Interplay of DCS-PK with 5′CS. (A) Illustration of mutations introduced into the spacer region between the 5′CS and DCS-PK. The conserved AA was changed to GG and UU in the 46.47GG and 46.47UU mutants, respectively. Seven additional adenosines were inserted into the 46.47pA spacer sequence. pAGG and GGpA contained AAAAAAAGG and GGAAAAAAA spacer sequences, respectively. (B) The organization of replicon mutants, which contained DCS-PK duplications, and mutants, which contained substitutions of DCS-PK with other RNA elements.
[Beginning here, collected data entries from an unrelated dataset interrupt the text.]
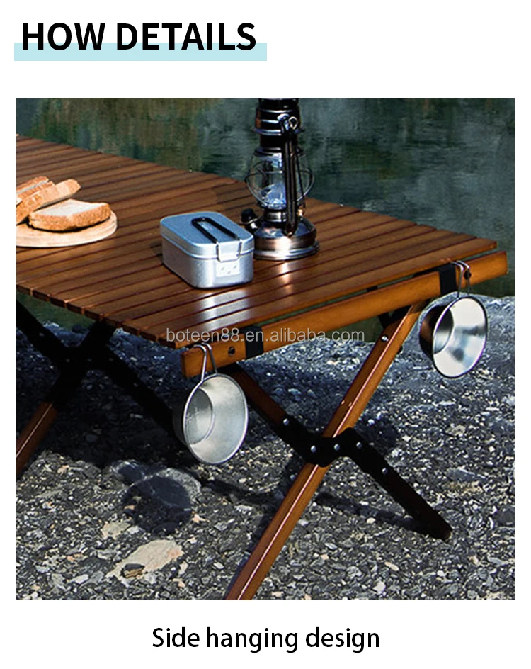 High Quality Portable Wood Folding Table Outdoor Camping Dining Rustic Thickened Egg Roll Aluminum Metal Includes Picnic Storage
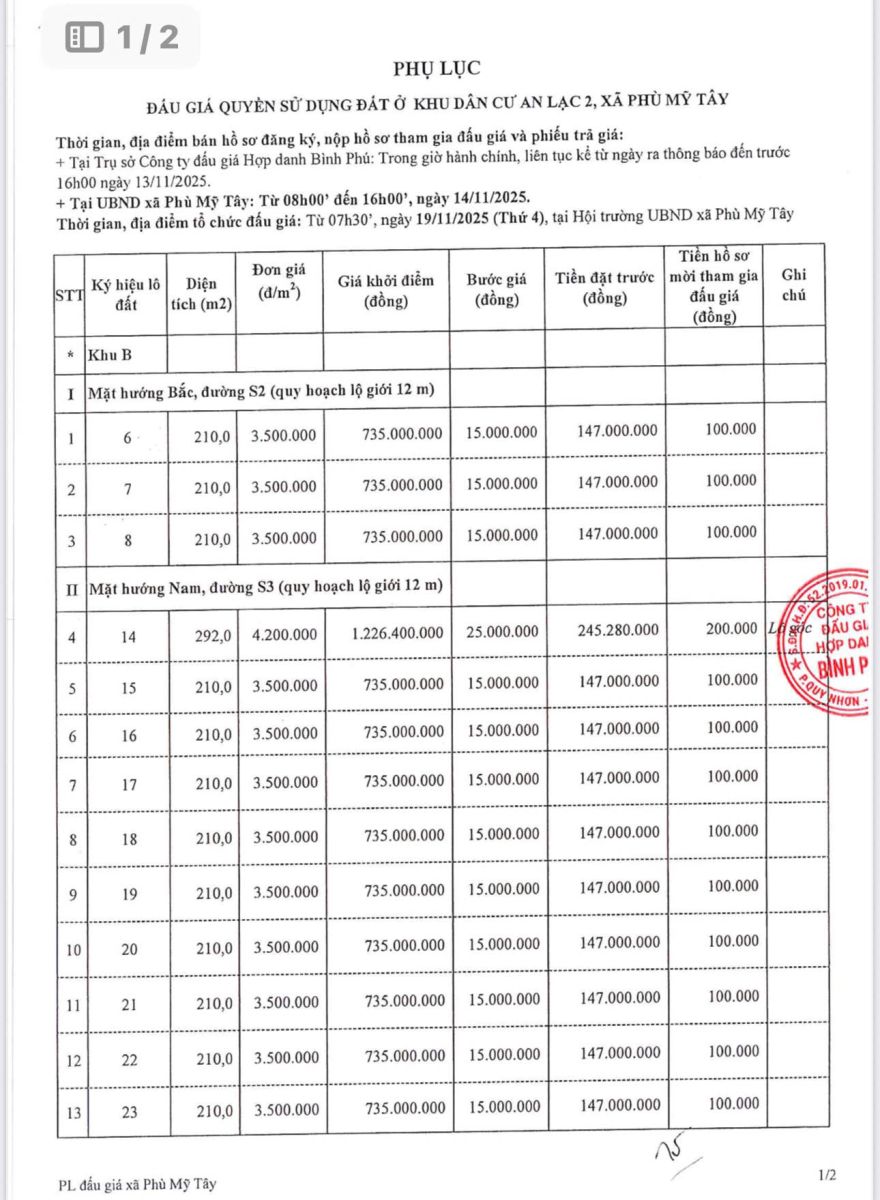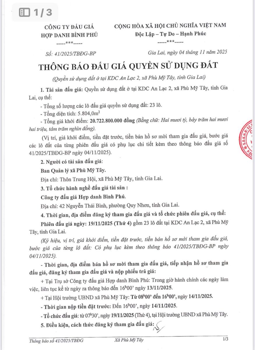 Phiên đấu giá ngày: 19/11/2025 (Thứ 4) gồm 23 lô đất tại KDC An Lạc 2, xã Phù Mỹ Tây, tỉnh Gia Lai.
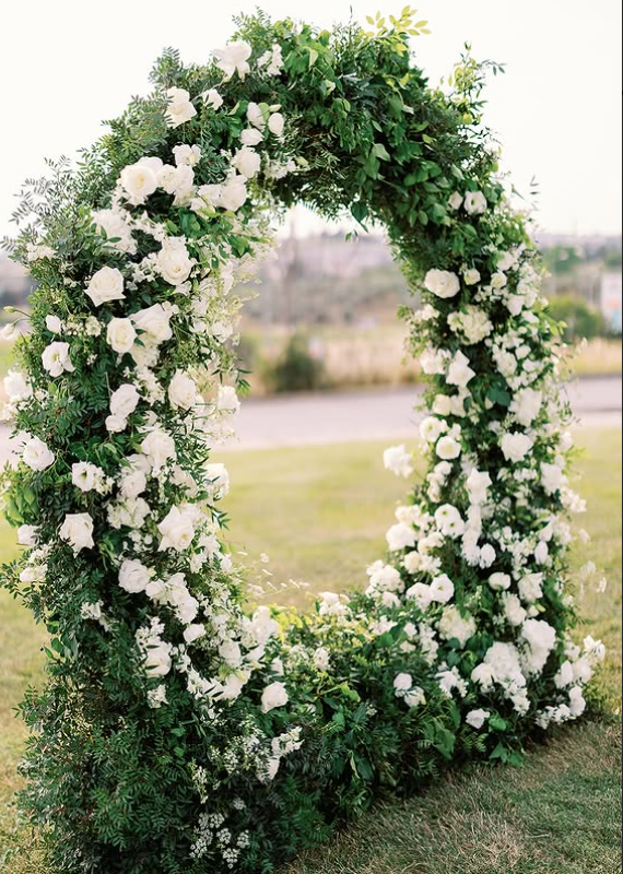The rounded arch design, paired with fresh greenery, makes it perfect for framing your vows, enhancing your photos, or welcoming guests in style.
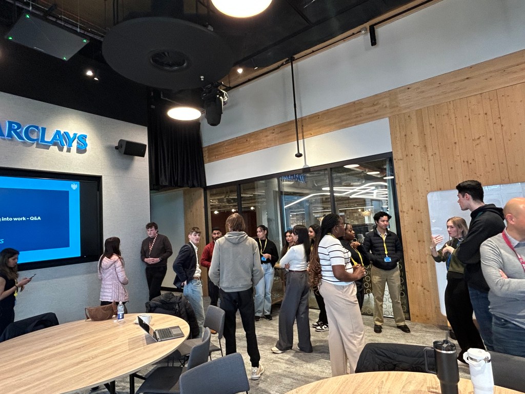 Students had the opportunity to visit Radbroke Campus and on the day completed a full tour of the Radbroke Campus, a one-of-a-kind state-of-the-art centre. After, they participated in a panel session on Tech Trends and transitioning into work. The final task of the day had been a networking event in which students were able to meet many different employees at Barclays and ask them plenty of questions to find out about their experience, skills, and roles within the bank.

DCS-PKX contained a mutated DCS-PK. DCS-PKX-PK contained a mutated DCS-PK followed by a WT DCS-PK, and DCS-PKX-PKX contained two tandem-repeat mutated DCS-PKs. In DCS-SL6, DCS-PK was replaced by SL6 of TBEV. DCS-PK was substituted with pseudoknots from the bacteriophage T2 gene 32 mRNA (PDB 2TPK) in the DCS-2TPK mutant. In DCS-JEV, the DCS-PK of DEN-4 was replaced by the DCS-PK of JEV. (C) Replication of the corresponding replicon mutants. The data are presented as described in Fig. 5 to 9.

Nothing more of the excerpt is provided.